United States, 1989
Directed by Spike Lee
With Spike Lee (Mookie), Danny Aiello (Sal), John Turturro (Pino), Richard Edson (Vito), Ossie Davies (Da Mayor), Ruby Dee (Mother-sister), Bill Nun (Radio Raheem), Giancarlo Esposito (Buggin’ Out), Joie Lee (Jade), Samuel L. Jackson (Señor Love Daddy, the DJ), Miguel Sandoval (Officer Ponte), Rick Aiello (Officer Long)
“Do the right thing!” This is the advice Da Mayor, the bum pacing up and down the vibrant street in the borough of Brooklyn where the story takes place, gives to Mookie, the lead character, and his stern looks show he is dead serious about it. But what could it mean for a young adult scraping along by delivering pizzas, still sleeping at his sister’s apartment and shirking his duties of lover and father most of the time? What could it mean in a neglected neighborhood that is both a home and a trap?
This street is an open-air theater, with a range of characters loitering on the sidewalk and at the windows, either commenting the daily life of this small section of the African American community, from the feisty disc jockey running the local FM radio to a trio of middle-aged and unemployed male grumblers, or trying to while time away with friends, music and even food. At the center of the stage lies a pizzeria, one of the few shops still around the corner and the only one managed by a European American, Sal, who is from Italian descent.
Mookie has found there his job and tries to get along with Sal and his sons, Vito and Pino, even though the latter barely hides his contempt for his father’s Black customers. People tend to commingle in the small restaurant but it becomes a cause of conflict because Buggin’ Out vows to boycott a joint where no African Americans are on the wall of fame but only Italian Americans, because Radio Raheem can’t accept to turn off his boom box blasting his favorite hip hop songs when he wants to order and even because Mookie finds Sal is too kind with his sister Jade.
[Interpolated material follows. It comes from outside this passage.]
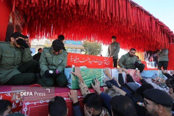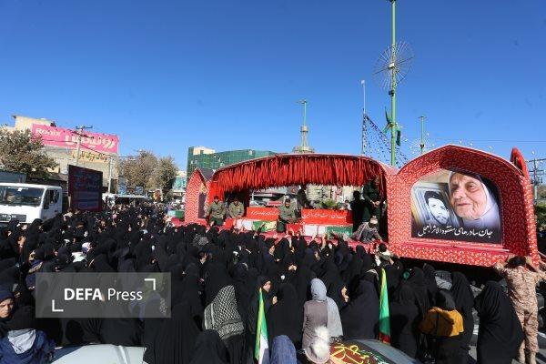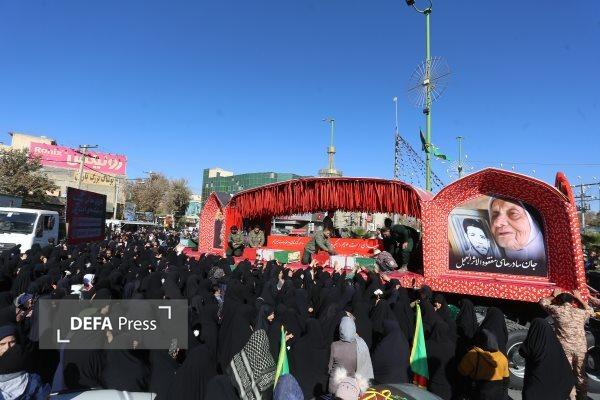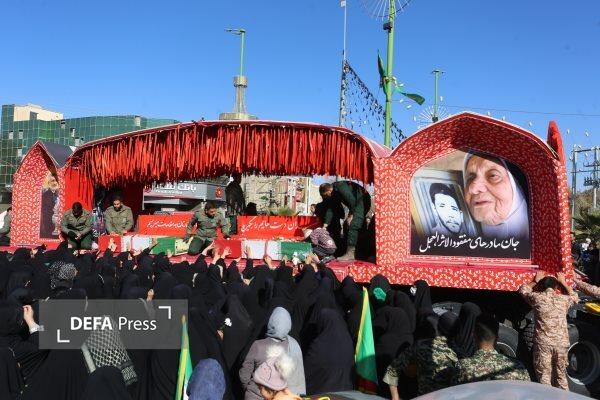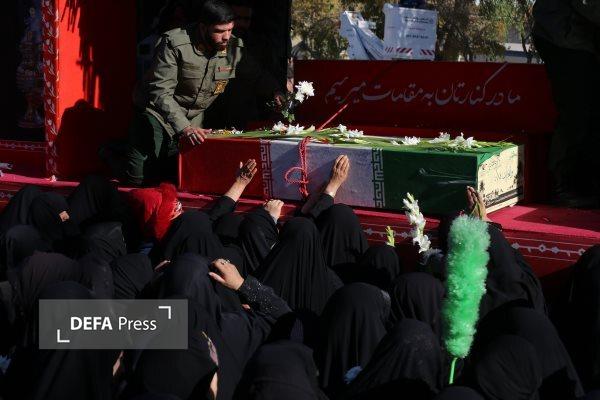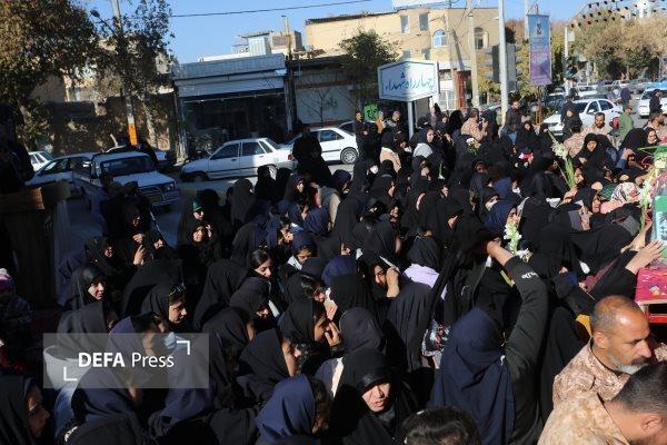 تشییع پیکر شهدای گمنام با حضور دانش آموزان دختر در اهواز

As the hottest day of the year is ending tensions ran high until Sal loses his cool and picks up a fight that a police intervention would turn into a riot.
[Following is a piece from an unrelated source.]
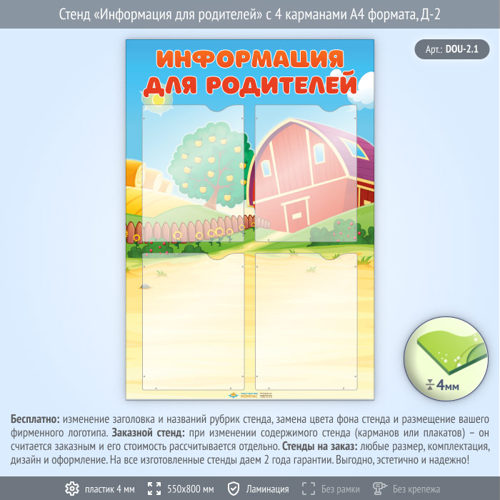 Стенд «Информация для родителей» с 4 карманами А4 формата (DOU-2.1) в Альметьевске купить

The film ends with a couple of quotes from two very different leaders of the African American community in the 1960s, Martin Luther King Junior and Malcolm X. They cope with violence and their divergence goes to the heart of the film’s tragedy. This violence may be useless and shocking and it could have been avoided; the fact is, it happened and went out of control because people were keen to vent their feelings that way. The film rigorously follows the events step by step, recording precisely how the things got wrong: how a man lost his life and another one his living. The bitter gap that separates Mookie from Sal the day after is perfectly conveyed by the composition and their gestures. This is the clash of two ideas about what is a man’s dignity that personal experience and social inequality have made unintelligible to each of the men.
Over the course of the film a lot of words and gestures are vividly and precisely captured, ranging the whole gamut of dissatisfaction and also of self-confidence. Below the mockery and the irony, there is always a keen and honest attention to the characters’ complex, contradictory and candid sentiments. The characters are no caricatures but stand as people who get by with what have. The touchy and tough questions raised by race are not eluded but put on the table quite naturally as the characters make their point. They even sing it: the most surprising and compelling moment in the vast discussion between opposite viewpoints that is the thrust of the flick occurs when a selection of the characters describe their prejudices and gripes as they just rap. Earlier, the movie’s titles had appeared over a musical-like overture featuring a young woman fiercely dancing over hip hop rhythm. And one of the characters is defined only by his love to this kind of music. The film, shot in vibrant colors, boldly claims the hip hop and rap culture as a powerful tool of expression and a definitive fixture of the African American life.
The most disturbing quarrel revolves around the blackness of the place; at one point a White biker is heckled because he bumped into Buggin’ Out and soiled his brand-new sneakers; things flirt with disaster as he defends his right to live on the street, part of a New York borough where he was born, to the dismay and disbelief of the young Blacks shouting at him. The grudge against the Korean-born grocer and Sal’s futile effort to convince Pino he is right to serve this community also illustrate, in their own different ways, the awkward situation of anyone who is not Black and the related vainglorious assertiveness of some young Blacks. Should the possibility to live together be given up and should instead a separatist and self-serving sense of racial identity shape the streets? The final violence suggests this debate has been settled for the worst, but is it for sure? The narrative may as open-ended as it is open-minded to all arguments.
A young filmmaker, Spike Lee has written and directed a bittersweet chronicle that surveys the race debate at street level with an informed view but without any intent to preach. It is no accident he also plays the lead role of Mookie, a nice and blunt person who is not easy to pigeonhole and is buffeted by the events and the impossibility to be the manly and mature person others expect him to become. Lee just takes stock of a difficult life and emphasizes how uneasy it is to find out what that right thing to do is all about. Race relations, it seems, have created such divergent feelings on things as basic as getting money or decorating a place that simply ending the day without a trouble sounds a miracle.